Throughout the United States a significant number of deaf children are receiving cochlear implants, and also using a visual language such as American Sign Language. The children are being educated bilingually and reaping the benefits afforded by two languages, American Sign Language (ASL) and English. They are experiencing the best of both worlds.

While some parents and professionals have reported positive experiences with cochlear implants, this does not necessarily suggest that the impact of deafness can be fully overcome by assistive devices; it is important to realize that the cochlear-implanted deaf child will continue to have special language learning needs and it is incumbent on the parent and professionals to consider the available research that best addresses those needs. Even with the cochlear implant, the child remains primarily a visual learner, and sound educational pedagogy indicates that one should play to the child's strength, vision, as opposed to playing to his/her weakness, hearing.

Research has shown that cochlear-implanted children with larger pre-implant vocabularies performed better in measures of language ability than did children who had smaller pre-implant vocabularies; this finding has important implications: 1) Parents considering cochlear implants must do whatever is necessary to increase their child's vocabulary skills prior to the cochlear implant and, 2) Considering the fact that deaf children can receive cochlear implants at ages 12 months or younger, that leaves very little time if parents are to teach language skills to their child before that time. Thus, based on the child's strength, which is vision, a visual language, such as American Sign Language (ASL), continues to be the most supportable early communication option for deaf children.

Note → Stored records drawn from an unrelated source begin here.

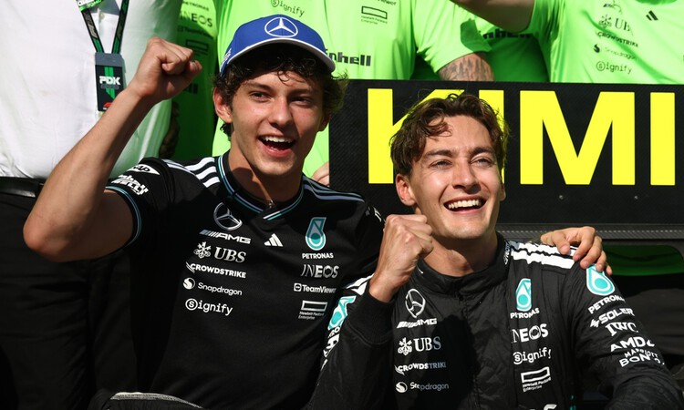 Kimi Antonelli dan George Russell. (Bein Sports)
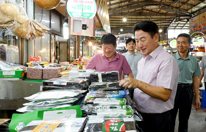 경기 의정부시는 추석 명절을 앞두고 4일 의정부제일시장에서 물가안정 간담회 및 운동(캠페인)을 실시했다. 사진은 이날 김동근 시장(오른쪽)이 물가안정 운동에 나서 의정부제일시장 상인들과 소통하고 있는 모습. (사진=의정부시청 제공)
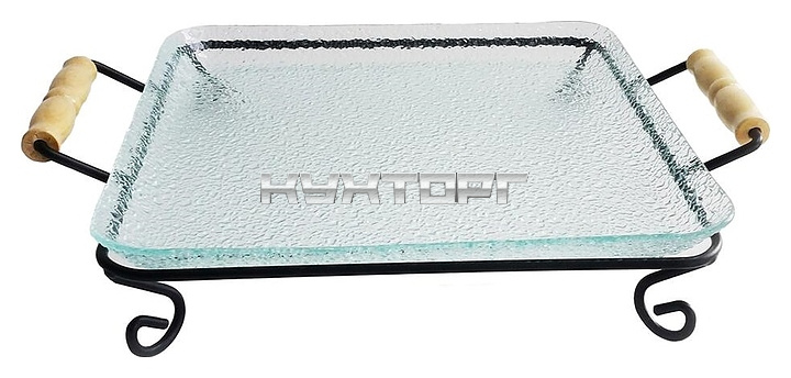 Фуршетная подставка P.L. Proff Cuisine P2323 предназначена для выкладки хлебобулочных изделий, колбас, сыров, различных закусок и блюд при организации шведского стола на предприятиях общественного питания и в домашних условиях. Модель состоит из опорной стойки и прямоугольного блюда с бортами. Стойка оснащена 4 изогнутыми ножками и 2 рукоятками с вращающимися рельефными накладками для удобства транспортировки. Блюдо выполнено из структурированного полупрозрачного стекла голубого оттенка с гладкой верхней стороной, стойка – из металла, накладки – из дерева.
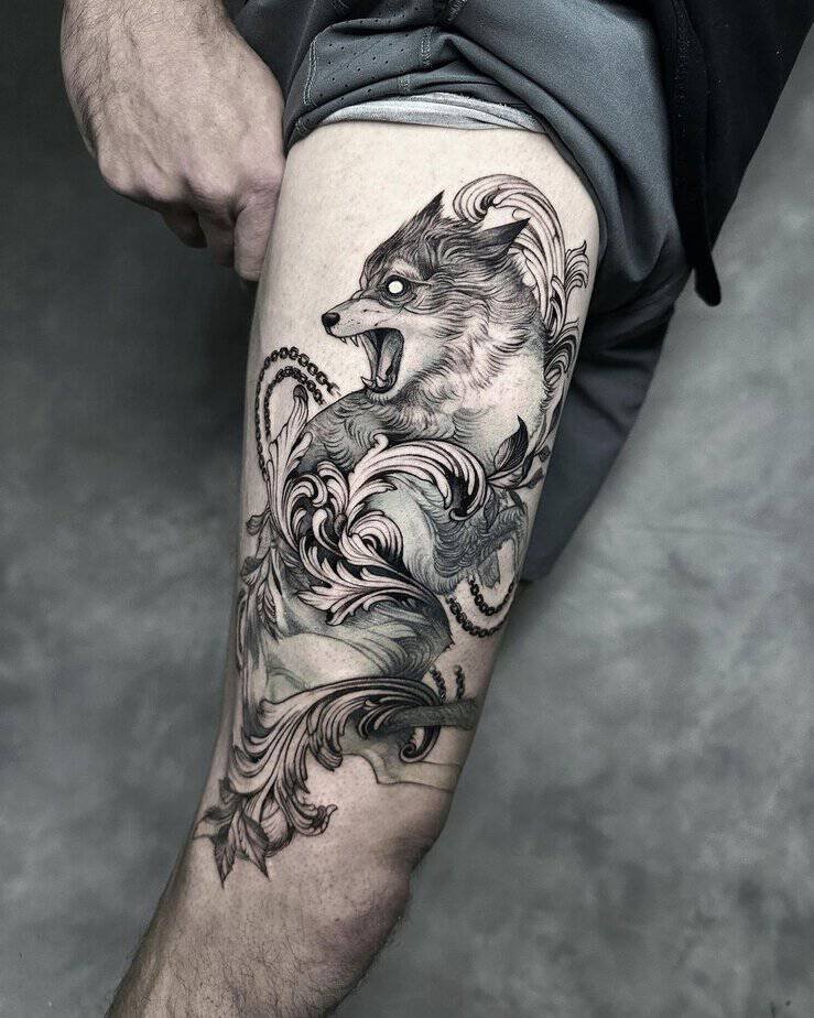 Swirling patterns weave around a wolf, giving motion and grace to its fierceness. For lovers of detail and elegance, this is a real showstopper.
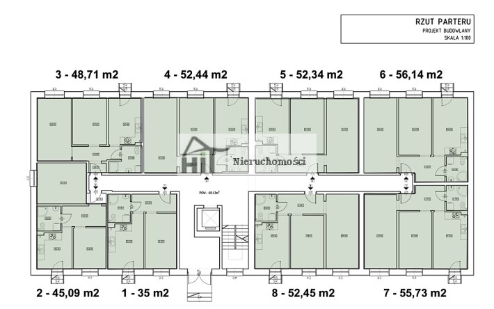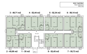 - Funkcjonalne mieszkania o powierzchni ok. 35–56 m²
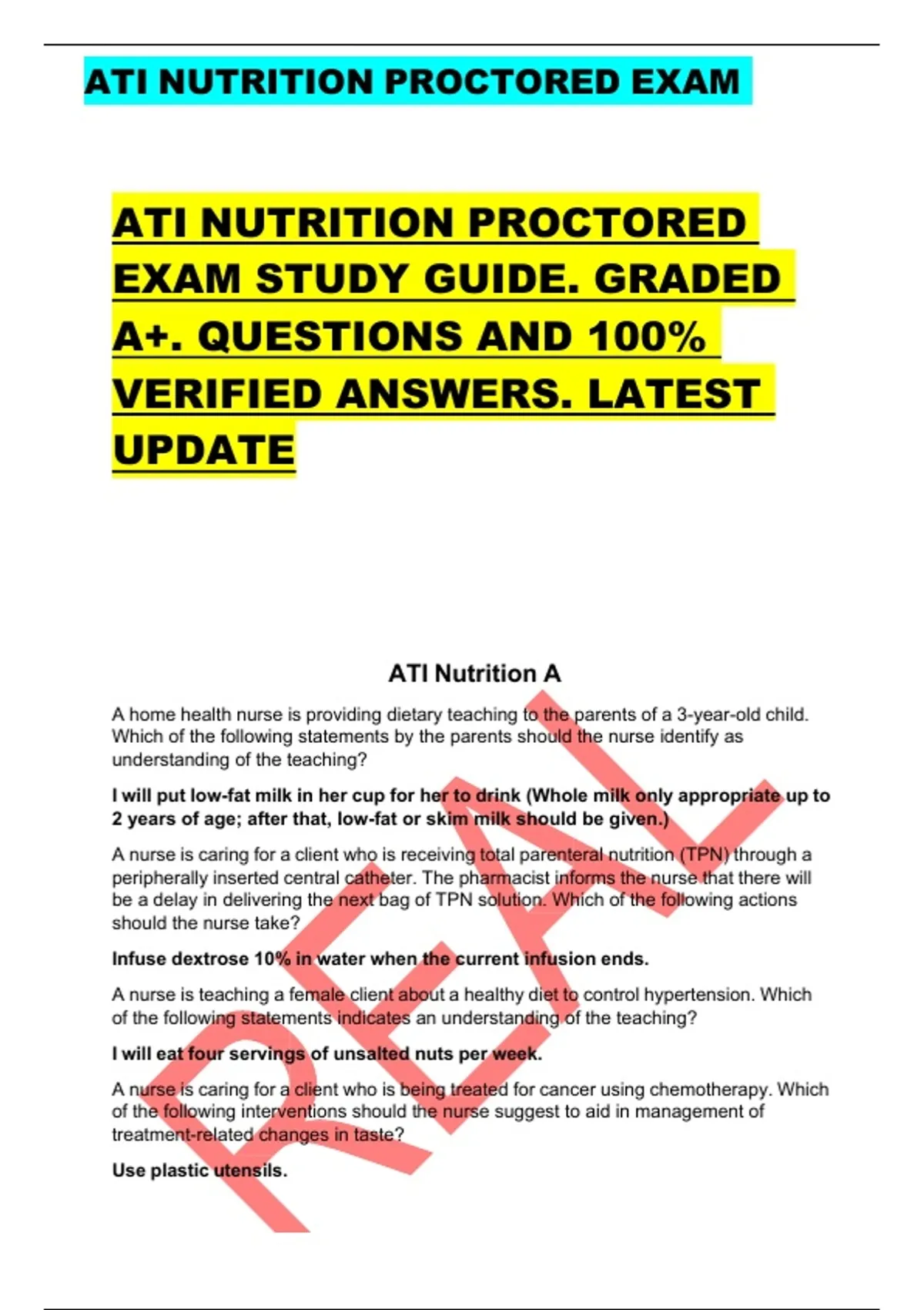 ,ATI NUTRITION PROCTORED EXAM
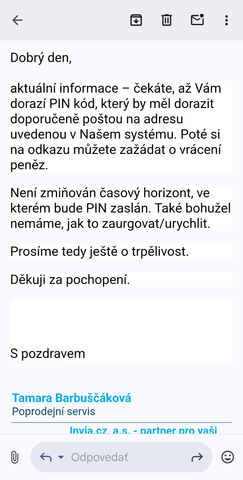 Môžem poprosiť tých, ktorým prišiel uz mail s PIN, z akej adresy bol? Už si prídem až paranoidna, že na nás kašlú. Ďakujem;)
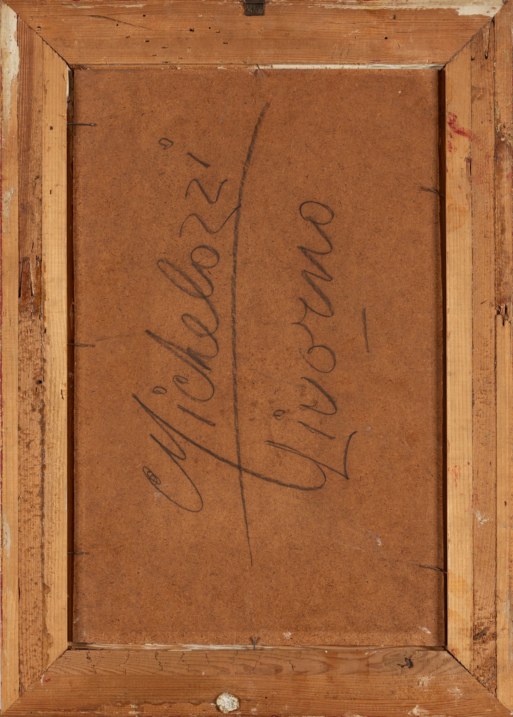 firmato in basso a sinistra al retro, firmato sulla masonite: Michelozzi Livorno
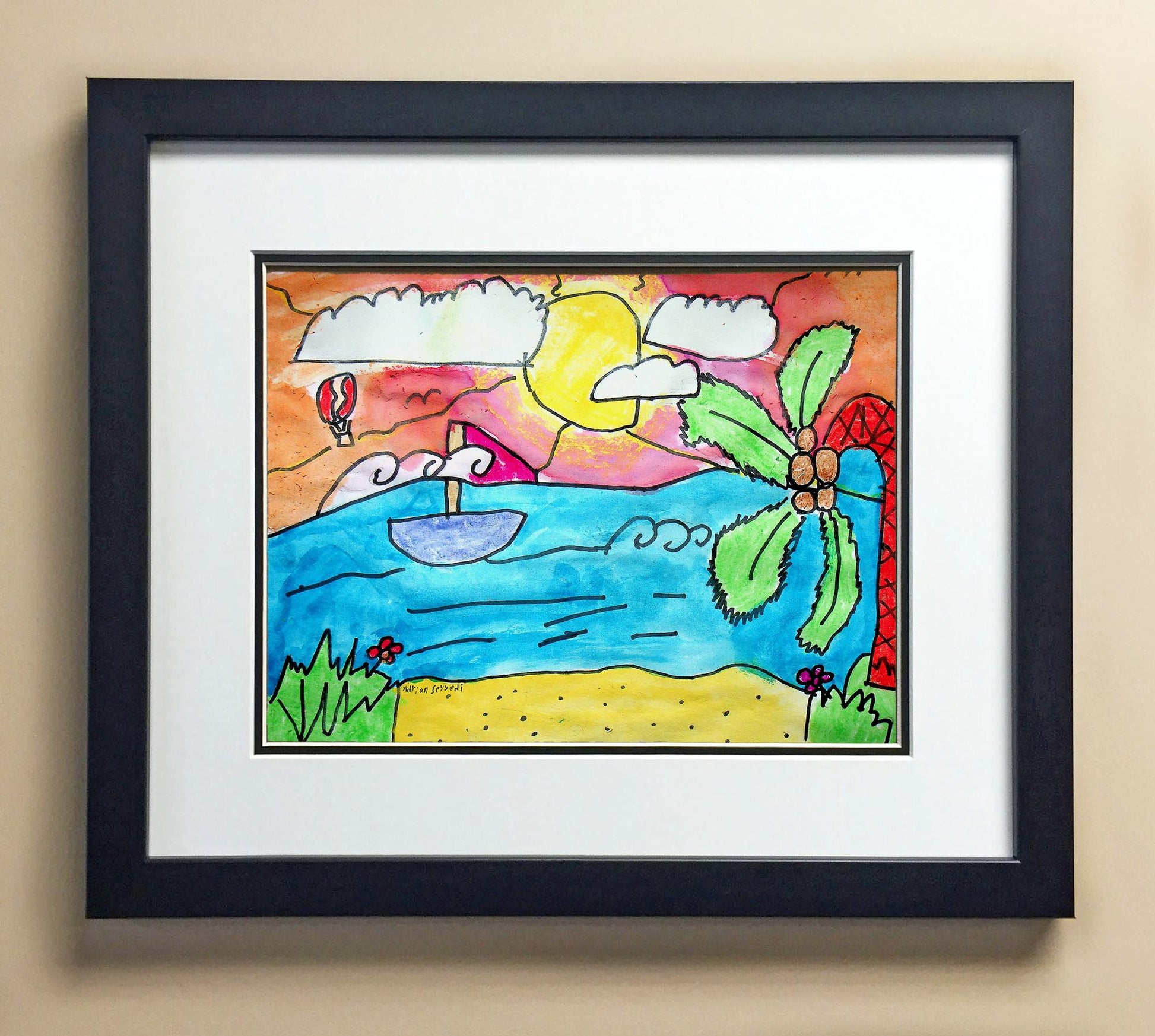 Included with the purchase is the Students Artwork, Frame, double matboard, shatter proof plexiglass, and a ready to hang backerboard with turnbuttons
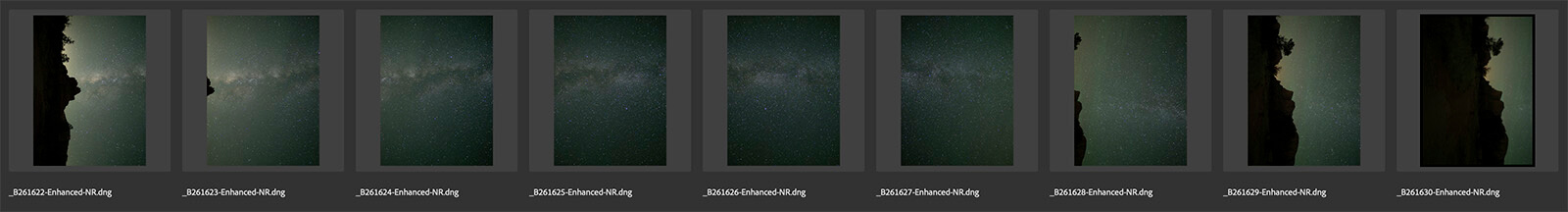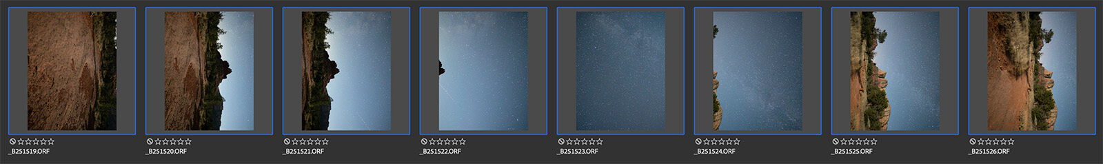 When capturing panoramas or vertoramas, you need to overlap your image captures. It is even more important that when making multiple panoramas for blends such as for Milky Way images as they need to be consistent. One more item which makes this work is an indexing rotator. An indexing rotator helps to make multiple panorama or vertorama sequences start and end at the same place. It also registers your overlap to keep things consistent. When making your first vertorama, pass count the number of frames. Moving the camera back to the beginning of the sequence is easy. Even better, when you stitch the different captures and place them together they overlap very closely. ie exposure for the land will be different from the exposure for the Milky Way at night. Blending them together makes it all come together.

Parents who begin with a visual language and who encourage its continued use after cochlear implant surgery may be helping their child with second language (English) development more than is realized. Studies have demonstrated that deaf children who use a visual language, such as American Sign Language, have language acquisition skills comparable to their hearing peers, and that the timing of first (visual) language development positively affects children's abilities to learn a second language (English). These studies suggest that learning a first, easily accessible visual language provides dual benefits by: 1) allowing deaf children to recognize and figure out new material based on previous language experience, and, 2) by reducing the increased load on the child's working memory by allowing them to translate unfamiliar second language (English) into a more familiar first language.

Research conducted in the neuroscience laboratory at Gallaudet University in Washington, DC, regarding the biological foundations of language, indicates that young deaf bilingual (ASL and English) cochlear-implanted deaf children are not harmed, delayed, or confused by early dual language exposure. These children not only achieve their language milestones in both ASL and English, they are also able to reach the same semantic and conceptual development as hearing monolinguals (one language users).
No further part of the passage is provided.